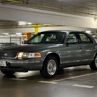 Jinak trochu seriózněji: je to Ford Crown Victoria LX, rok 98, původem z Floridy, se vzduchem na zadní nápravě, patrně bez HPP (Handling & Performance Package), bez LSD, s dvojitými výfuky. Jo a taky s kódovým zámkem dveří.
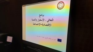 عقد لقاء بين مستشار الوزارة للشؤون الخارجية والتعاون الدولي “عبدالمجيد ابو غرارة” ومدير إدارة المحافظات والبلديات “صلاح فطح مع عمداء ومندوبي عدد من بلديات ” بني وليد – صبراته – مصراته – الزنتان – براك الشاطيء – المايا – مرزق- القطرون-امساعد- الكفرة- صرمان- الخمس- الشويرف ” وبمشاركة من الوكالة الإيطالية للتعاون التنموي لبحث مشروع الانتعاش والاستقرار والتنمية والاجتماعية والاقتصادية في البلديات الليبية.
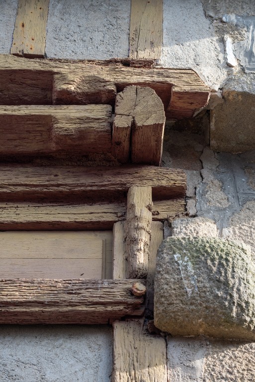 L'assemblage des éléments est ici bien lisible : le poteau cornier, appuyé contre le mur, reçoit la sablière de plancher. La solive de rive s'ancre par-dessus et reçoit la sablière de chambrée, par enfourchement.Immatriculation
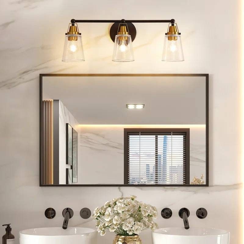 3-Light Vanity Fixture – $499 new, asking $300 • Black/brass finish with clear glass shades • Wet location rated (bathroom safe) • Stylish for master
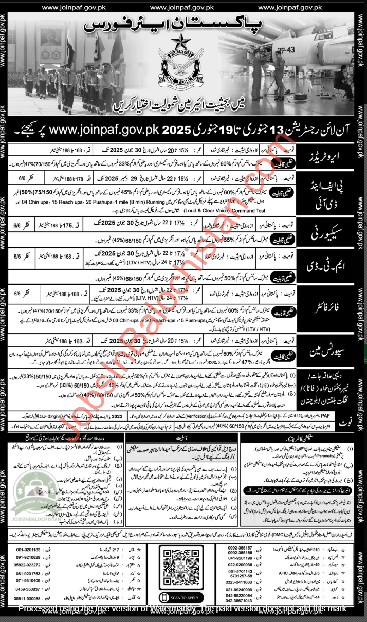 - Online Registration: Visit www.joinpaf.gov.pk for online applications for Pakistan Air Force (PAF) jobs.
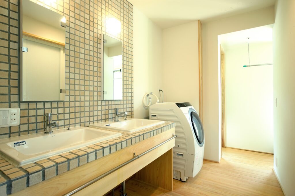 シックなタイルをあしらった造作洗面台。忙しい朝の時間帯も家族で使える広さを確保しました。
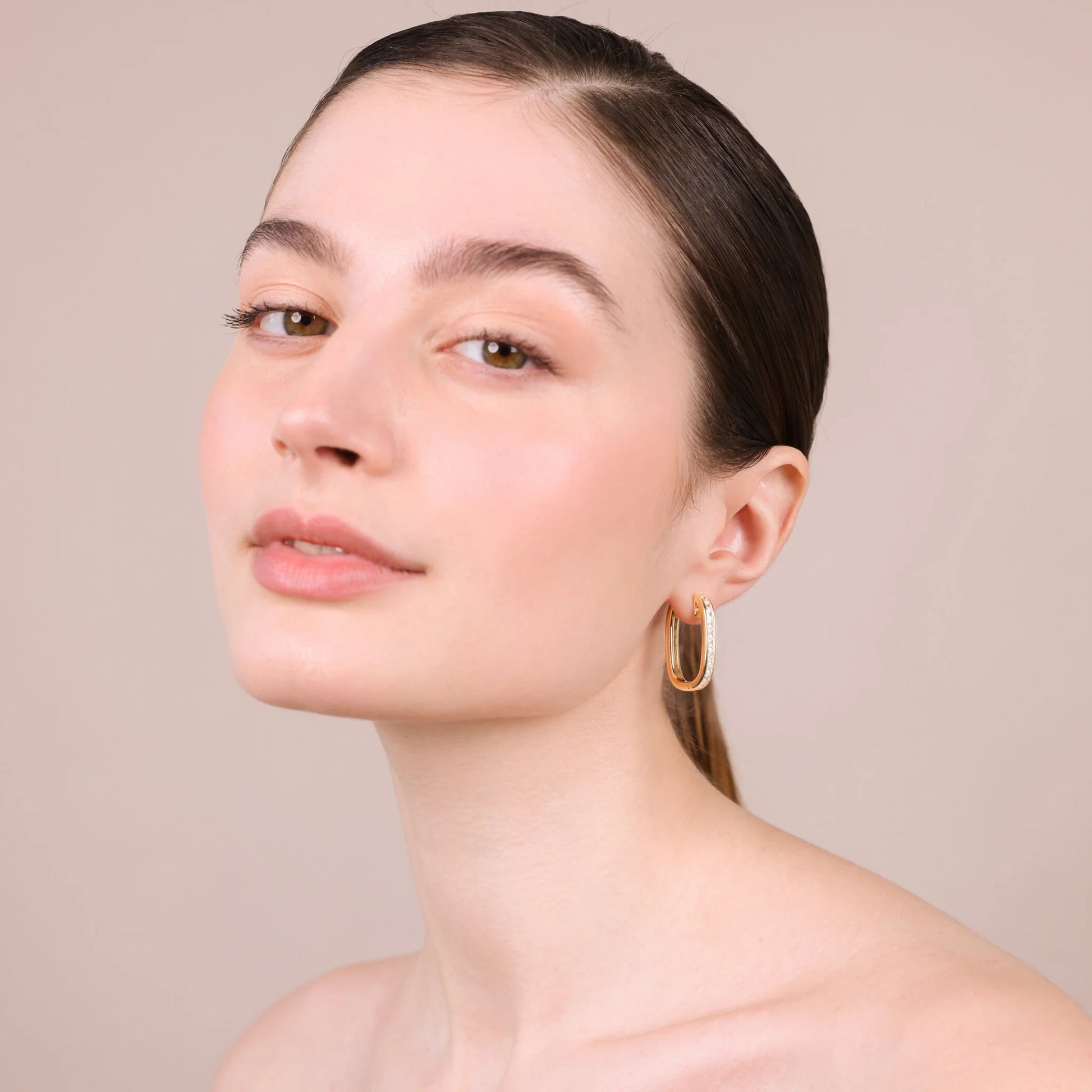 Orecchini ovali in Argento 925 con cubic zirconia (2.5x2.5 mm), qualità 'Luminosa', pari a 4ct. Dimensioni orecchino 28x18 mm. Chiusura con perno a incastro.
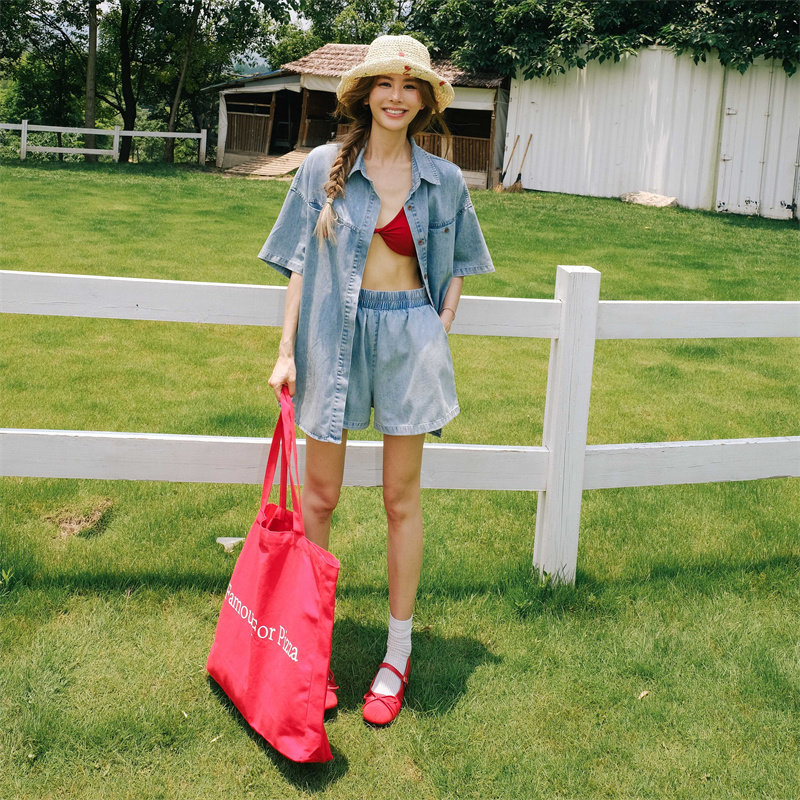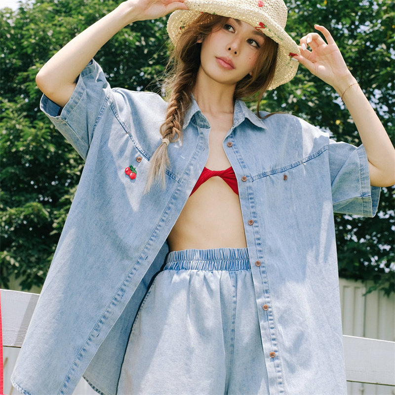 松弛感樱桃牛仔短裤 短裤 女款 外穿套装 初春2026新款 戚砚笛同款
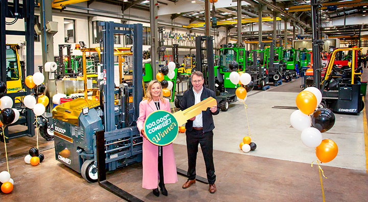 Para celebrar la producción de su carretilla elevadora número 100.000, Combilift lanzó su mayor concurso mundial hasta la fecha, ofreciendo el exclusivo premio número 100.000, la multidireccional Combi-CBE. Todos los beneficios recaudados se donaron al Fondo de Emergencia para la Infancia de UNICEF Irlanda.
—————
● YOUR GOAL: Write out again, exactly, each line from the one with "3-Light Vanity Fixture" to the end of the entries. No pictures go in.

● SOLVED PROBLEM:
 3-Light Vanity Fixture – $499 new, asking $300 • Black/brass finish with clear glass shades • Wet location rated (bathroom safe) • Stylish for master
 - Online Registration: Visit www.joinpaf.gov.pk for online applications for Pakistan Air Force (PAF) jobs.
 シックなタイルをあしらった造作洗面台。忙しい朝の時間帯も家族で使える広さを確保しました。
 Orecchini ovali in Argento 925 con cubic zirconia (2.5x2.5 mm), qualità 'Luminosa', pari a 4ct. Dimensioni orecchino 28x18 mm. Chiusura con perno a incastro.
 松弛感樱桃牛仔短裤 短裤 女款 外穿套装 初春2026新款 戚砚笛同款
 Para celebrar la producción de su carretilla elevadora número 100.000, Combilift lanzó su mayor concurso mundial hasta la fecha, ofreciendo el exclusivo premio número 100.000, la multidireccional Combi-CBE. Todos los beneficios recaudados se donaron al Fondo de Emergencia para la Infancia de UNICEF Irlanda.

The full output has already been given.